Angesichts der Entspannung im Nahen Osten dürfte der Markt im Zuge seiner Neubewertung der straffen Geldpolitik zwar nahe an einem Hochpunkt stehen, doch bedeutet dies keinen raschen Ausbruch aus der aktuellen Handelsspanne. Damit der restriktive Trend anhält, müssen die US-Daten weiterhin in einer Richtung überraschen, die Zinserhöhungen begünstigt. Das würde bedeuten, dass der Goldpreis unter Druck bleibt, denn das Schicksal des Metalls wird derzeit fast ausschließlich von Zinserwartungen bestimmt – und kaum von der Geopolitik.
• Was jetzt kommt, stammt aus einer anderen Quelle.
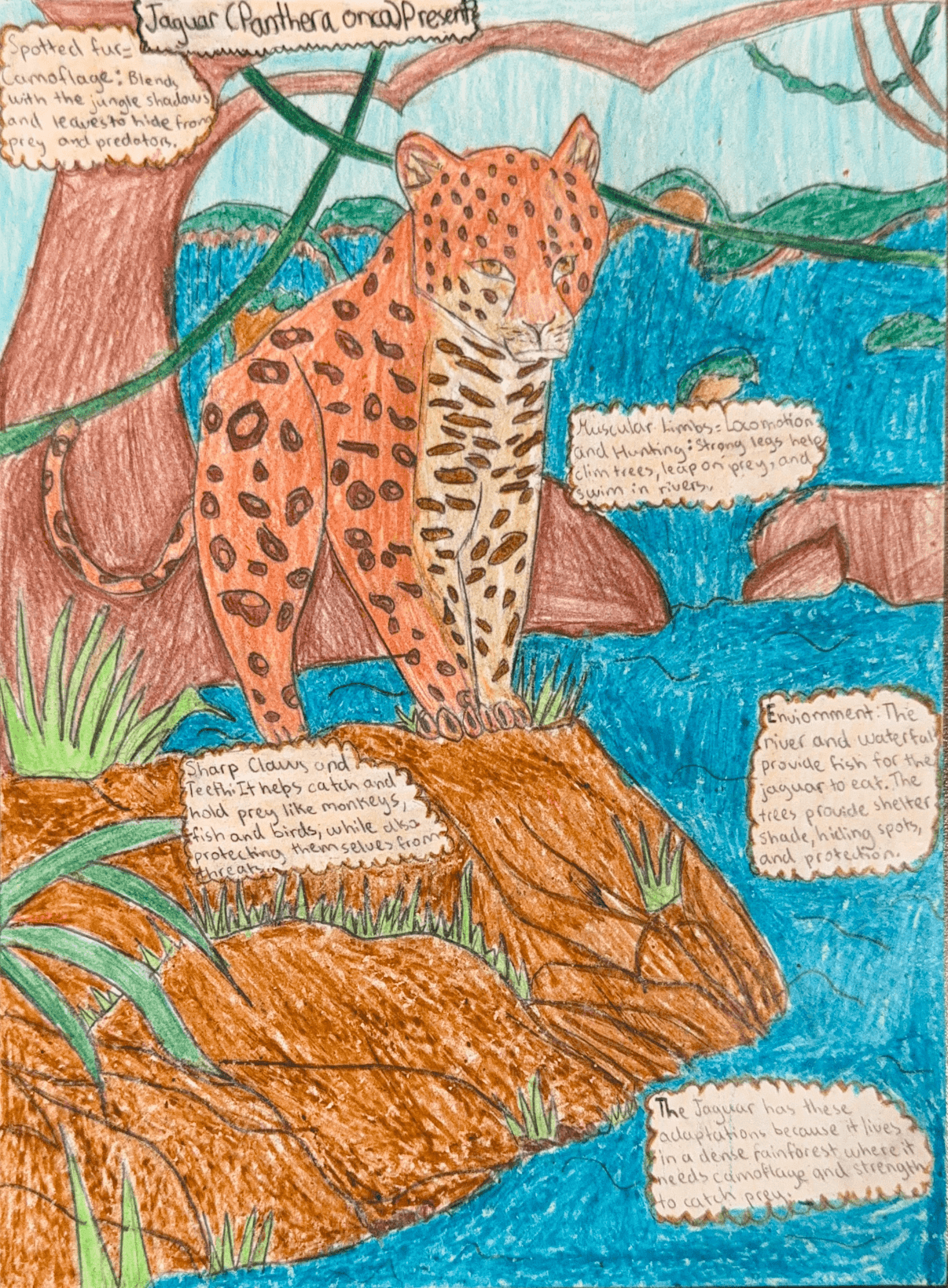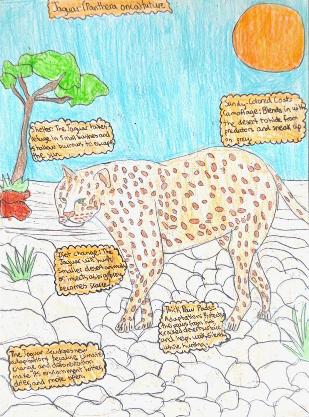 The jaguar is a large animal that lives in the rainforests of the Amazon in South America and parts of Central America near and wetlands. In its jungle habitat, its golden coat with black rosettes provides camouflage among dense trees and shadows. It has a muscular body, strong legs, sharp claws that help it climb, swim, and catch prey. Its powerful jaws can crush hard bones and fish. As climate change makes the Amazon hotter and drier, parts of its habitat may become desert-like. Over time, the jaguar may develop lighter, sand-colored fur to blend into dry land. Longer legs could help it travel for water, and thicker paw pads would protect it from hot ground and allow quiet movement. It may become more nocturnal to avoid extreme heat and hunt smaller desert animals as bigger prey becomes scarce. These adaptations would increase its chances of survival.

Deshalb richtet sich die gesamte Aufmerksamkeit des Marktes auf die Veröffentlichung des PCE-Index am Donnerstag. Dies ist das bevorzugte Inflationsmaß der Fed, und es wird mit einer Beschleunigung gerechnet. Fällt der Wert höher aus als erwartet, würden die Erwartungen an ein restriktives Zinsniveau bestätigt, der Dollar dürfte sich weiter aufwerten, und Gold läuft Gefahr, seinen Rückgang in Richtung der psychologischen Marke von 4.000 Dollar fortzusetzen. Überraschend schwächere PCE-Daten hingegen könnten dem Metall eine Atempause und die Chance auf eine Gegenbewegung verschaffen.

Silber entwickelt sich heute etwas besser und legt um 0,2 % auf 61,71 $ zu, während Platin nachgibt und Palladium sich praktisch unverändert zeigt.

Was das aktuelle technische Bild für Gold angeht, müssen die Käufer zunächst den nächstgelegenen Widerstand bei 4.124 $ zurückerobern. Dadurch würde sich ein Ziel bei 4.186 $ eröffnen, wobei ein Ausbruch darüber hinaus recht schwierig werden dürfte. Das weiter entfernte Kursziel läge bei etwa 4.249 $. Kommt es hingegen zu einem Rückgang bei Gold, werden die Bären versuchen, die Marke von 4.062 $ unter ihre Kontrolle zu bringen. Gelingt dies und wird diese Spanne nach unten durchbrochen, wäre das ein schwerer Rückschlag für die Bullen und könnte Gold auf ein Tief von 4.008 $ drücken, mit der Möglichkeit eines weiteren Rückgangs bis auf 3.954 $.